What needs to be done:
Each line in the material below, starting at the one with "Suporte de telemóvel" and ending at the one with "2024年12月9日,河南省", is to be reproduced exactly; no picture is to be copied.

Stored data:
▬▬▬▬▬▬

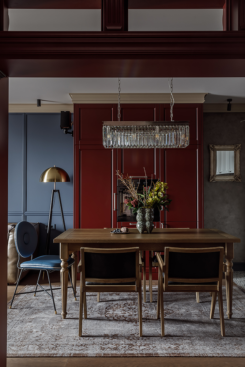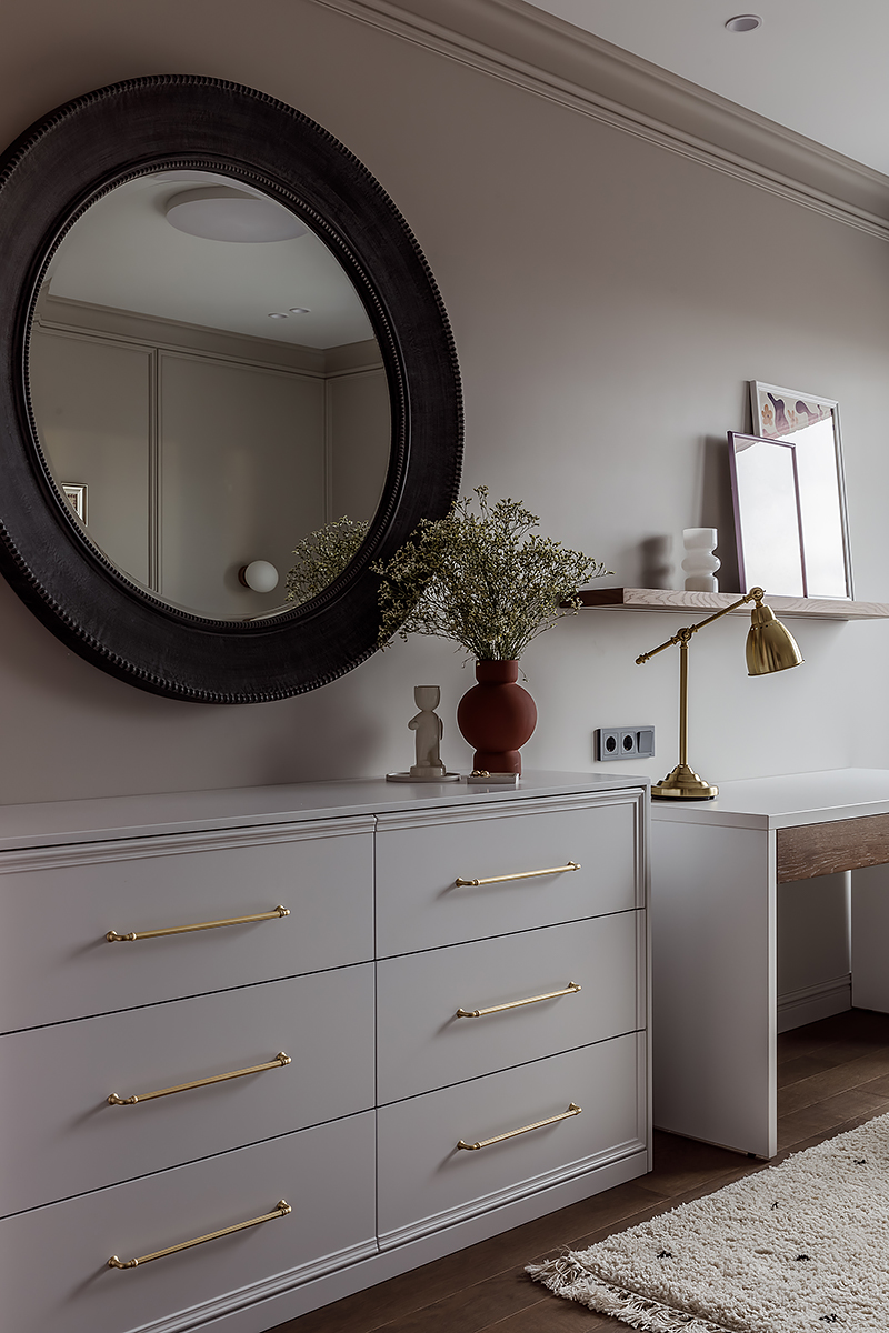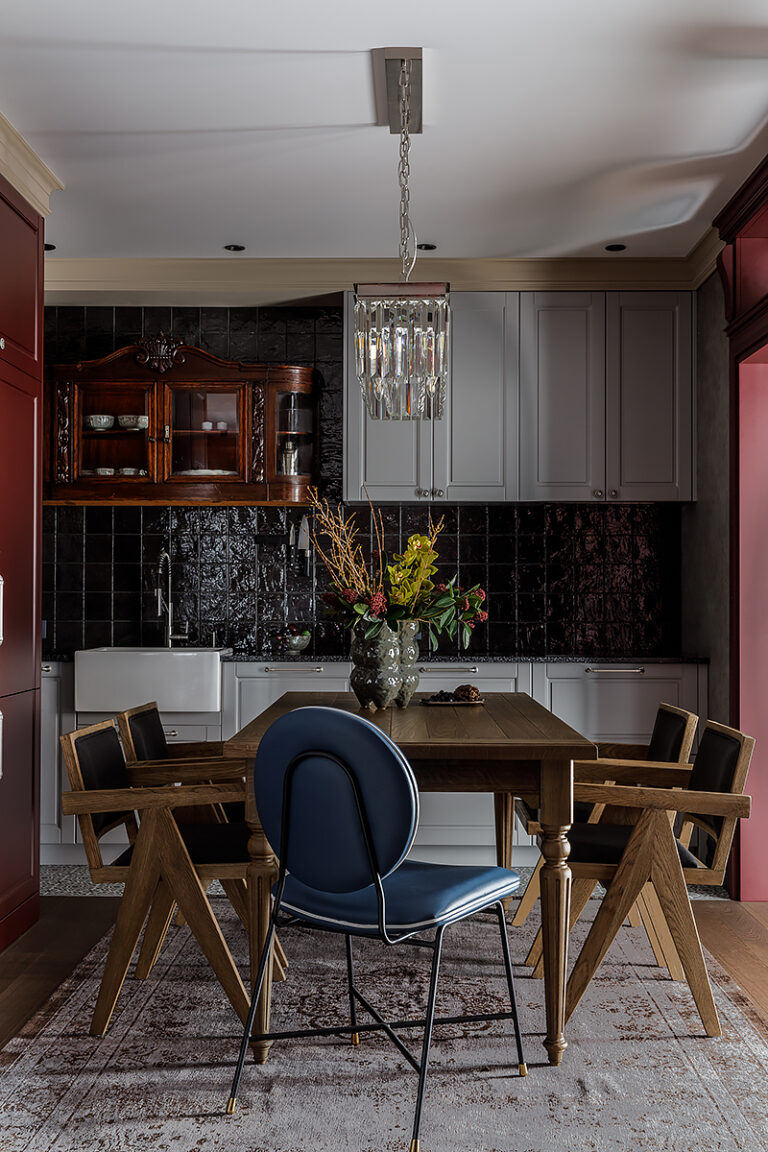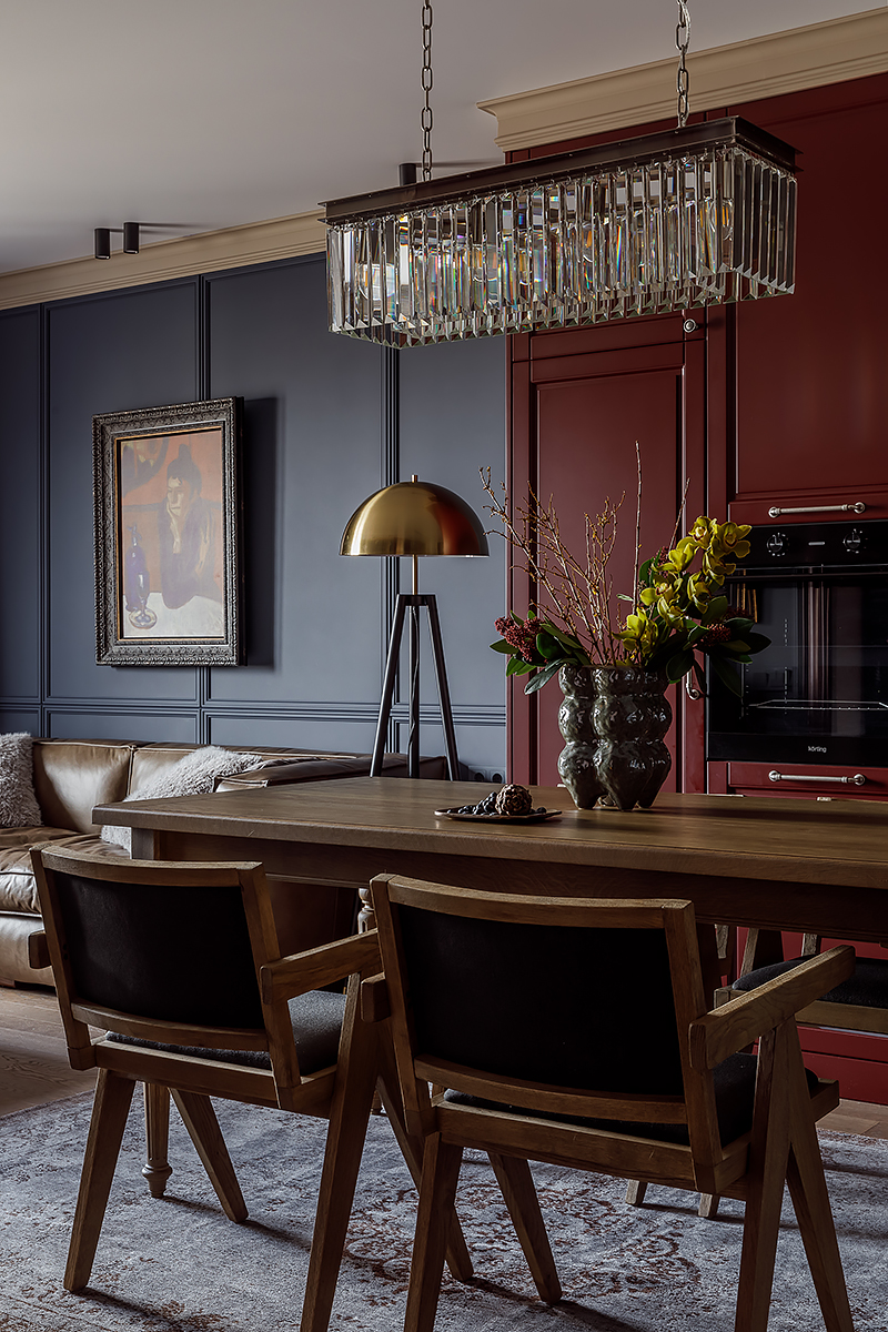 Интерьер этого проекта отражает характер его владельца — успешного предпринимателя и заботливого отца. Дом задумывался как место, в котором уже живут: без глянца и искусственной новизны, с множеством предметов с историей. Кушетка из прошлого дома задала настроение всему интерьеру и вдохновила на выбор панно с белыми конями, а антикварный буфет из Германии органично вписался в кухню.
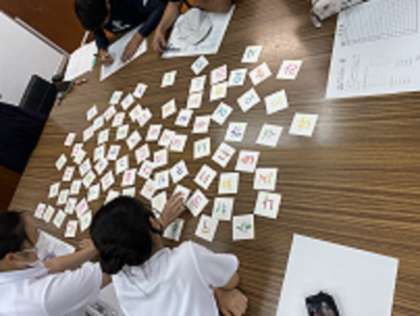 放課後、国際クラブの活動が行われました。今日は、ハングルの文字を教わったのちにハングルで書かれたカードを使ってのカルタを行いました。
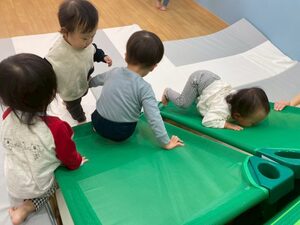 こあら組さんは運動あそび✌️コットで作った坂道をよじ登ったり、マットの上でジャンプをして身体を動かしてあそびました😄
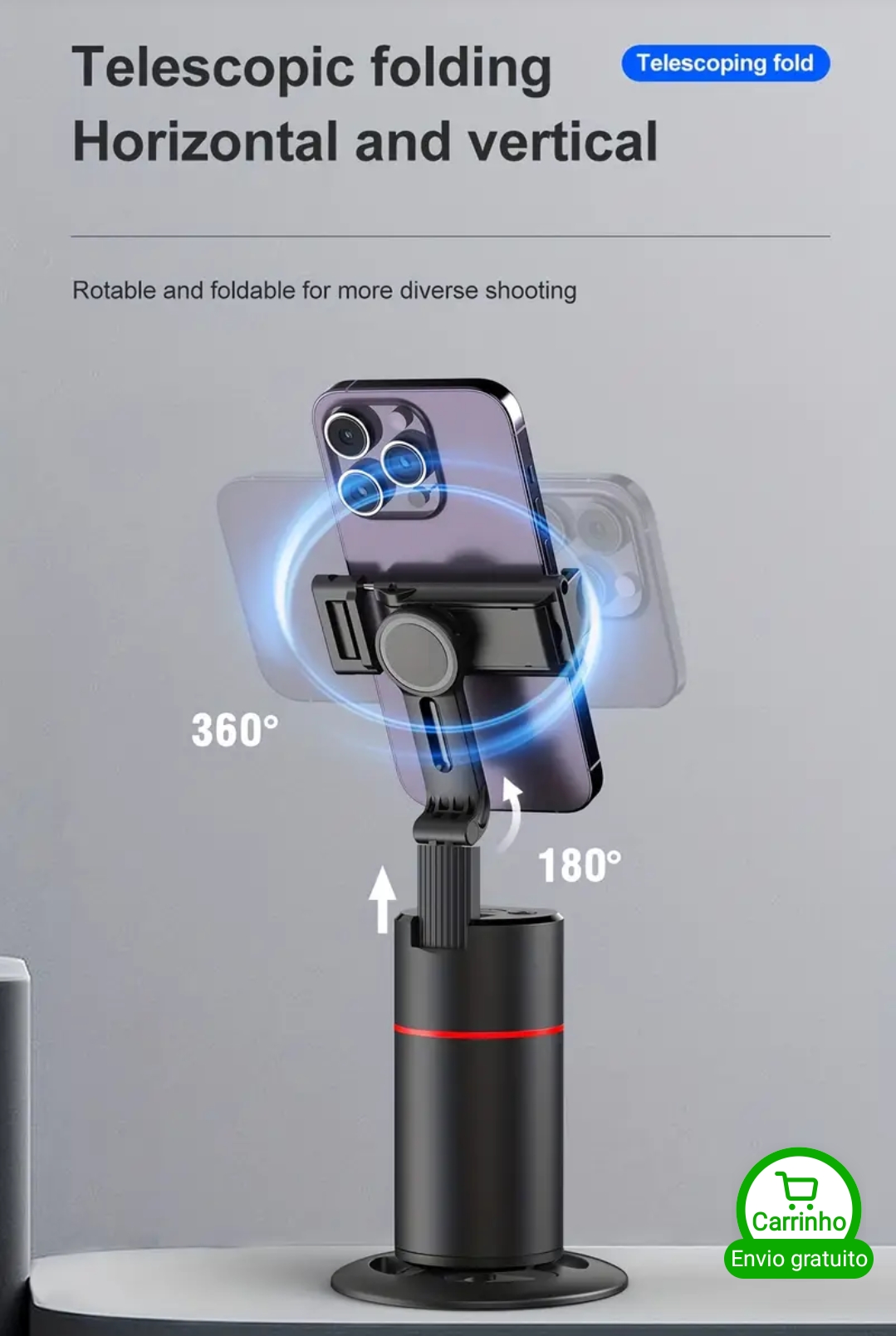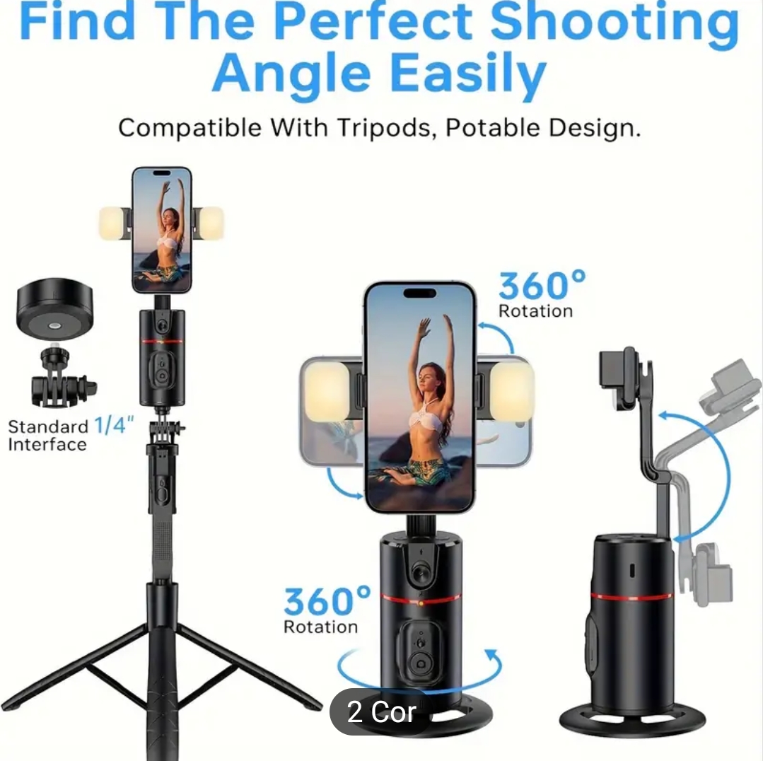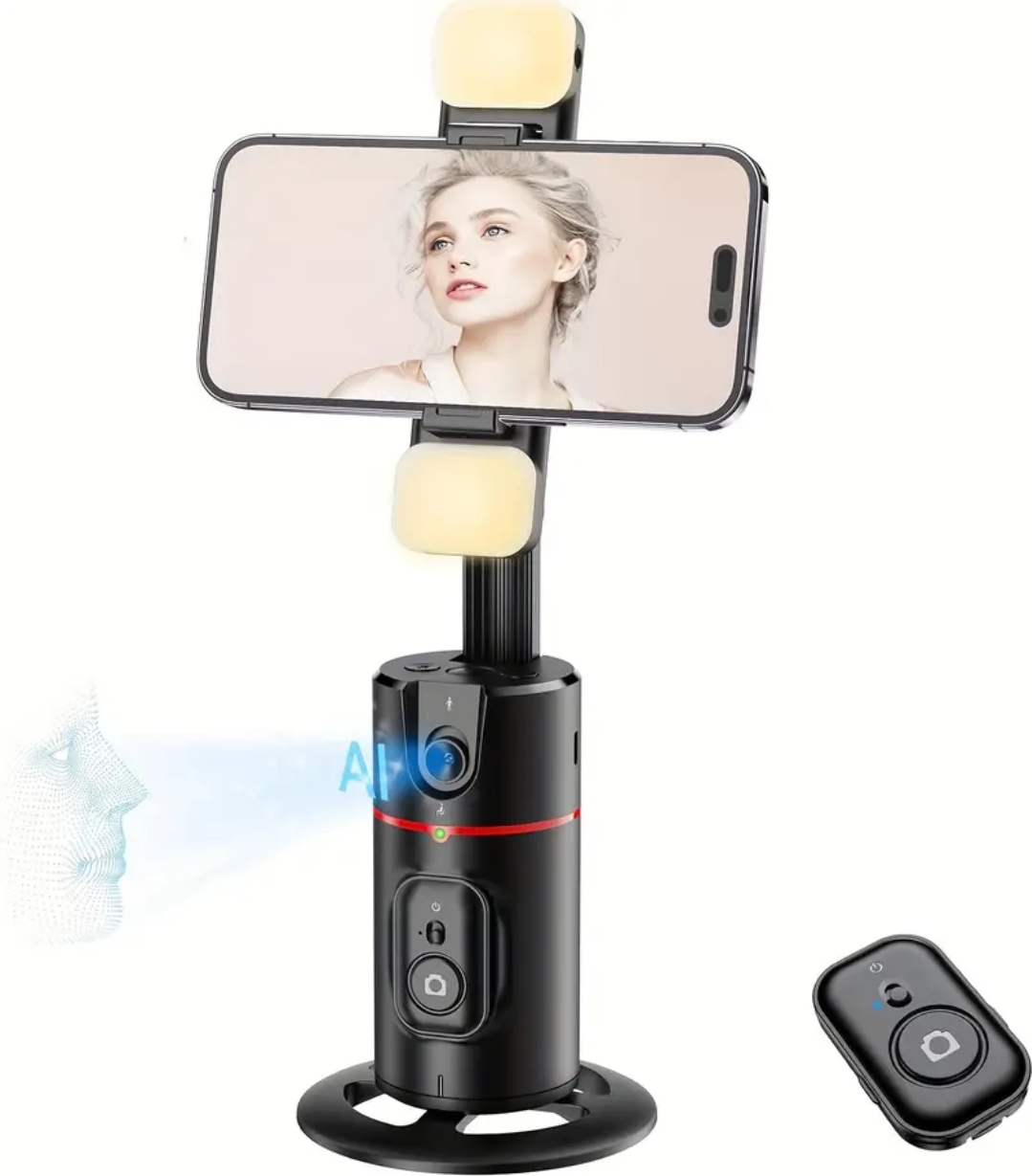 Suporte de telemóvel com rastreamento automático de rosto a 360°, Gimbal inteligente com disparo automático alimentado por IA e transmissão ao vivo panorâmica, Suporte de secretária para TikTok, YouTube, Vlogging - Material ABS
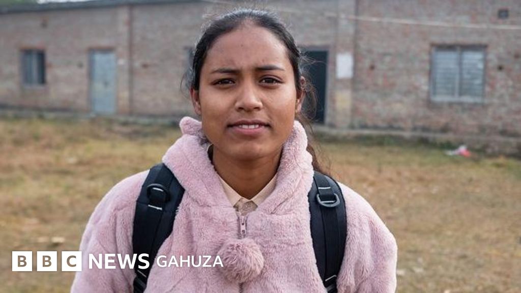 Mu misozi y’agace ka Terai muri Nepal, Hima Kusunda w’imyaka 18 aturutse ku ishuri yigaho anabayo, yambaye umupira wo kwifubika w’iroza.
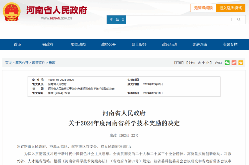 2024年12月9日,河南省科学技术奖励大会召开,公布《河南省人民政府关于2024年度河南省科学技术奖励的决定》(豫政〔2024〕41号),小说狂人
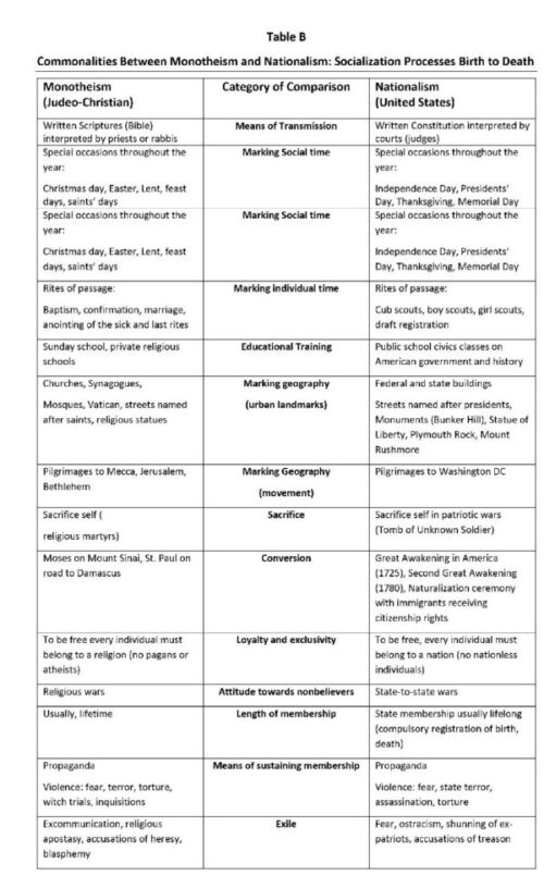 My article then takes a step further. I argue that the state uses a particular kind of religion to strengthen its loyalty. It is no accident that the countries of the world that never developed nationalism in the 18th and 19th centuries were not Jews and Christians. There is something about the monotheism of the Jews and Christians that was the best foundation to build nationalism and the centralized state that developed in Europe in the 19th century. Most of the rest of my article shows the similarities in the beliefs and dramatization between monotheism and nationalism. Lastly, I close with a table that shows how similar nationalism and religion are in their socialization processes from birth to death. I also addressed the question of why Islamic monotheism did not lead to Islamic nationalism.
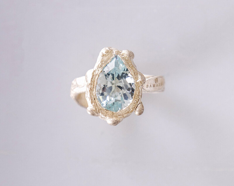 Anello in argento 925, realizzato completamente a mano con l'antica arte scultorea della cera persa, con Topazio Azzurro, naturale, taglio a goccia, proveniente dal Brasile. Gambo regolabile.
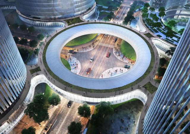 位于项目塔楼之间巨大中央环路,连接着各个圆形体量。鉴于空间跨度之大,结构工程师通过钢框架+局部斜交网格的结构体系作为支撑的最优解,同时中央环路与各塔楼之间采用滑动连接,极大减弱了各塔楼之间的相互影响。
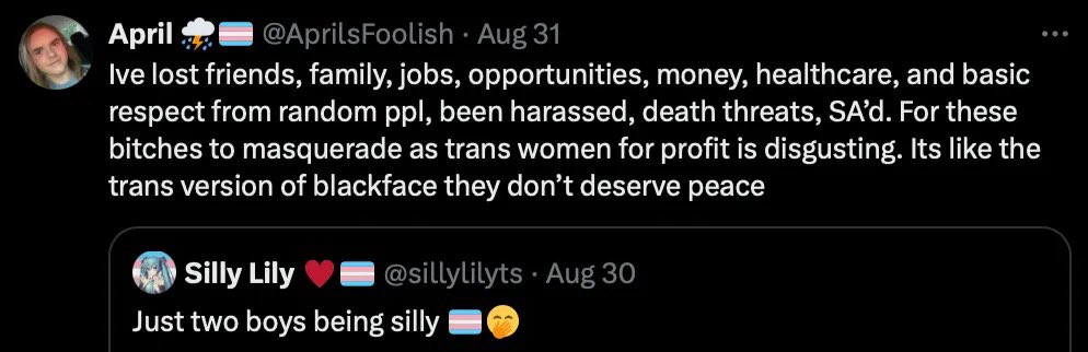 April was VERY upset. He said that these women ‘masquerading as tr&ns women’ for profit was ‘disgusting’. He even went as far as comparing it to blackface! Well, I think that April would be very shocked to find out that women have been comparing men wearing dresses to blackface for a long time. But don’t let us get in the way of that complete lack of self awareness, ‘April’.
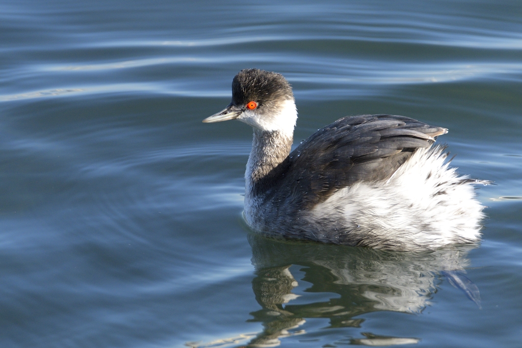 ハジロカイツブリはカイツブリとよく似たシルエットを持つ小型のカイツブリです。しかしカイツブリとは色目が全く違っていて、カイツブリは全身茶色風な姿をしているのに対し、ハジロカイツブリは頭に黒い帽子を被り、顔から首、腹までが真っ白と、非常にコントラストの高い色目をしています。また彩度の高い真っ赤な目をしているのも非常に目立ち、黄色い目のカイツブリとの見分けを簡単にしています。

▬▬▬▬▬▬

Response box:
 Suporte de telemóvel com rastreamento automático de rosto a 360°, Gimbal inteligente com disparo automático alimentado por IA e transmissão ao vivo panorâmica, Suporte de secretária para TikTok, YouTube, Vlogging - Material ABS
 Mu misozi y’agace ka Terai muri Nepal, Hima Kusunda w’imyaka 18 aturutse ku ishuri yigaho anabayo, yambaye umupira wo kwifubika w’iroza.
 2024年12月9日,河南省科学技术奖励大会召开,公布《河南省人民政府关于2024年度河南省科学技术奖励的决定》(豫政〔2024〕41号),小说狂人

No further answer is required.